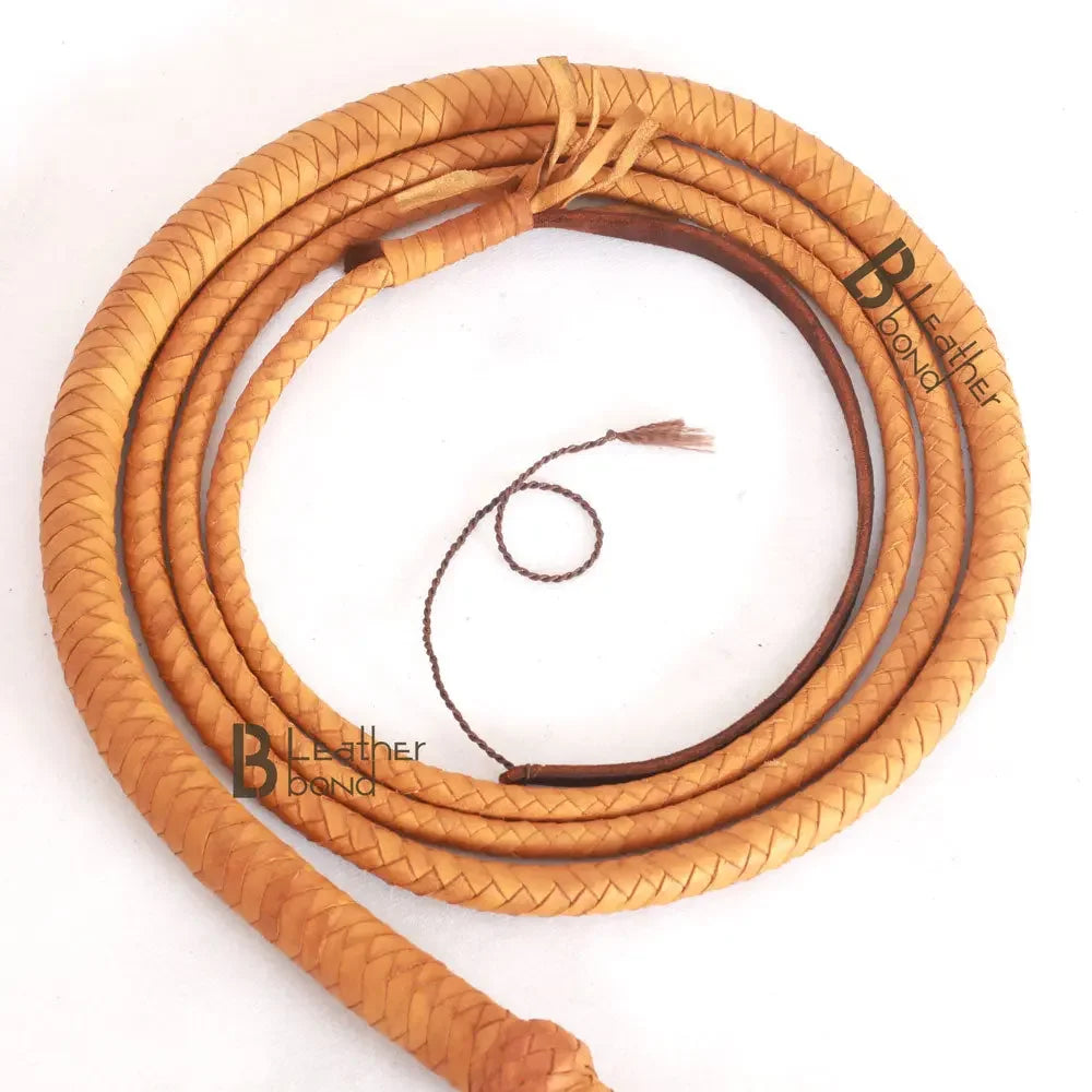 • These tan leather bullwhips are ideal for both beginners and experienced handlers.
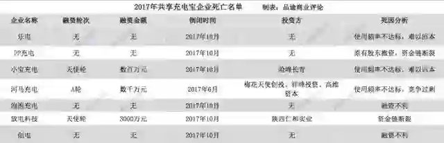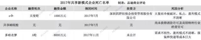 然而,2017年,共享系宣告进入死亡倒计时。截至目前,共有19家投身共享经济的企业宣告倒闭或终止服务。其中包括7家共享单车企业、2家共享汽车企业、7家共享充电宝企业、1家共享租衣企业、1家共享雨伞企业和1家共享睡眠仓企业。
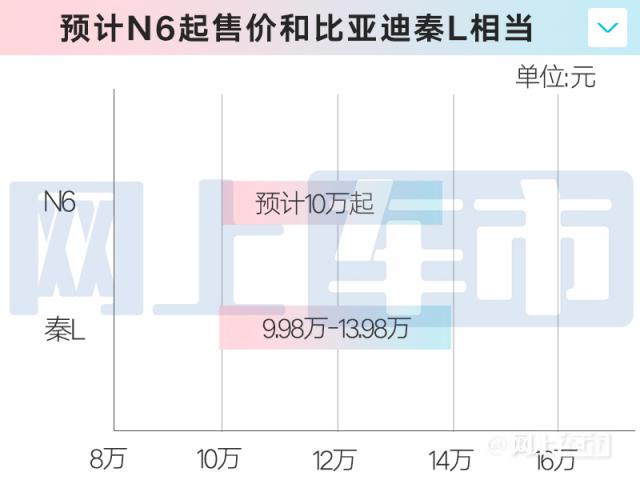 從名字上能推測出,日產(chǎn)N6的定位比N7低,車身尺寸也小一些,屬于標(biāo)準(zhǔn)B級車,長4.831米,軸距2.815米。它搭載了同級最大的21.1kW·h電池,純電續(xù)航里程超150公里。N6起售價(jià)預(yù)計(jì)在10萬元左右,上市后將主要與比亞迪秦L等車型競爭。
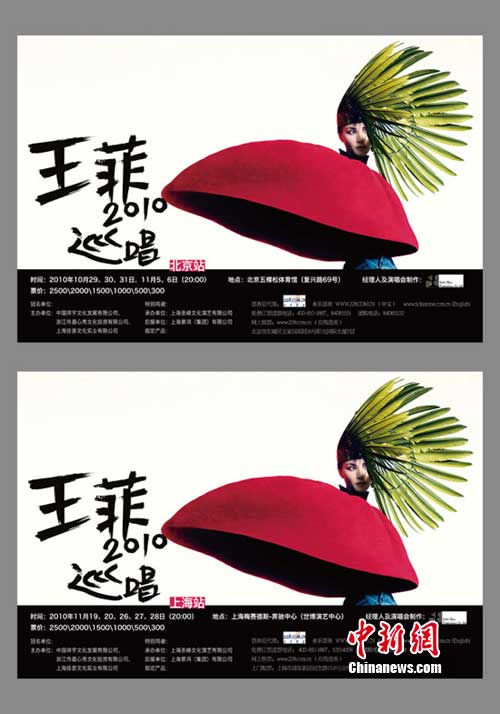 中新網7月10日電 據香港明報報道,已5年沒開演唱會的王菲鐵定于北京及上海舉行10場《王菲2010巡唱》。演唱會海報9日率先曝光,而主辦機構也公布門票售價。雖最貴門票每張索價2500人民幣,但北京站預售10分鐘已迅即爆滿,反應熱烈﹗
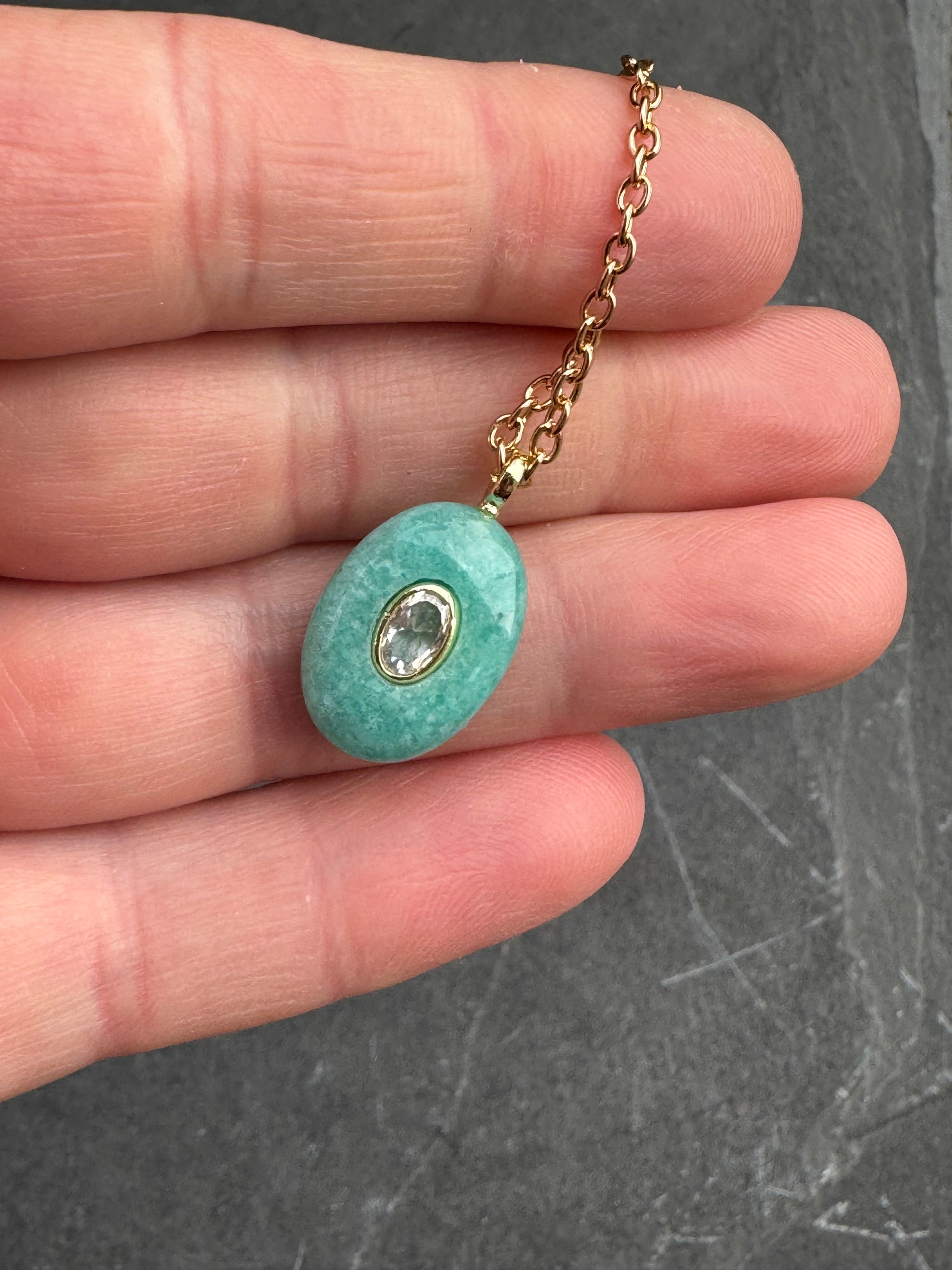 Amazonite, crystal, gold metal, drop necklace and earrings set

-- Work instructions --
Please repeat the data above exactly as it appears, pictures excluded.

-- Answer box --
 • These tan leather bullwhips are ideal for both beginners and experienced handlers.
 然而,2017年,共享系宣告进入死亡倒计时。截至目前,共有19家投身共享经济的企业宣告倒闭或终止服务。其中包括7家共享单车企业、2家共享汽车企业、7家共享充电宝企业、1家共享租衣企业、1家共享雨伞企业和1家共享睡眠仓企业。
 從名字上能推測出,日產(chǎn)N6的定位比N7低,車身尺寸也小一些,屬于標(biāo)準(zhǔn)B級車,長4.831米,軸距2.815米。它搭載了同級最大的21.1kW·h電池,純電續(xù)航里程超150公里。N6起售價(jià)預(yù)計(jì)在10萬元左右,上市后將主要與比亞迪秦L等車型競爭。
 中新網7月10日電 據香港明報報道,已5年沒開演唱會的王菲鐵定于北京及上海舉行10場《王菲2010巡唱》。演唱會海報9日率先曝光,而主辦機構也公布門票售價。雖最貴門票每張索價2500人民幣,但北京站預售10分鐘已迅即爆滿,反應熱烈﹗
 Amazonite, crystal, gold metal, drop necklace and earrings set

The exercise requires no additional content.